Only months ago, we laughed when Macau Chief Executive Ho Iat-seng forecast gaming revenues of MOP$130 billion (US$16 billion) in 2023. This was exactly the same number the government had forecast in each of the two previous years as well, only to see 2021 GGR limp to MOP$86.9 billion (US$10.8 billion) and 2022 GGR to a pitiful (for Macau) total of MOP$42.2 billion (US$5.3 billion). But like JP Morgan’s earlier estimates, the Chief Executive’s forecast may even prove to be too conservative.

The sheer speed of Macau’s recovery these past few weeks gives further credence to the theory of pent-up demand, suggesting huge upside potential in the months ahead given that much of mainland China is still dealing with the effects of the country’s massive COVID outbreak.
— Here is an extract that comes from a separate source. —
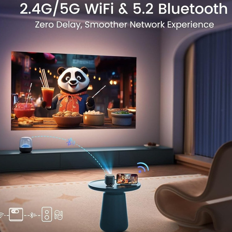 با استفاده از وایفای داخلی، میتوانید پروژکتور را به شبکه خانگی خود متصل کرده و به صورت بیسیم به اینترنت دسترسی پیدا کنید. همچنین، با استفاده از بلوتوث میتوانید هدفون یا اسپیکر بلوتوث خود را به پروژکتور متصل کرده و به صورت خصوصی به محتوا گوش دهید.

Their appetite to travel will only increase once those concerns become a thing of the past.

And word on the street has it that Macau’s busy gaming floors are no illusion: not only are players back but they’re betting big too, raising questions about fears that bringing cash into Macau might be far more difficult in 2023 than it was prior to the mainland’s recent cross-border gambling crackdown.

If this is true, then hopes that Macau might get back to the revenues – or at least EBITDA – that we saw back in 2019 or even at the SAR’s peak in 2013, might not be so far-fetched after all.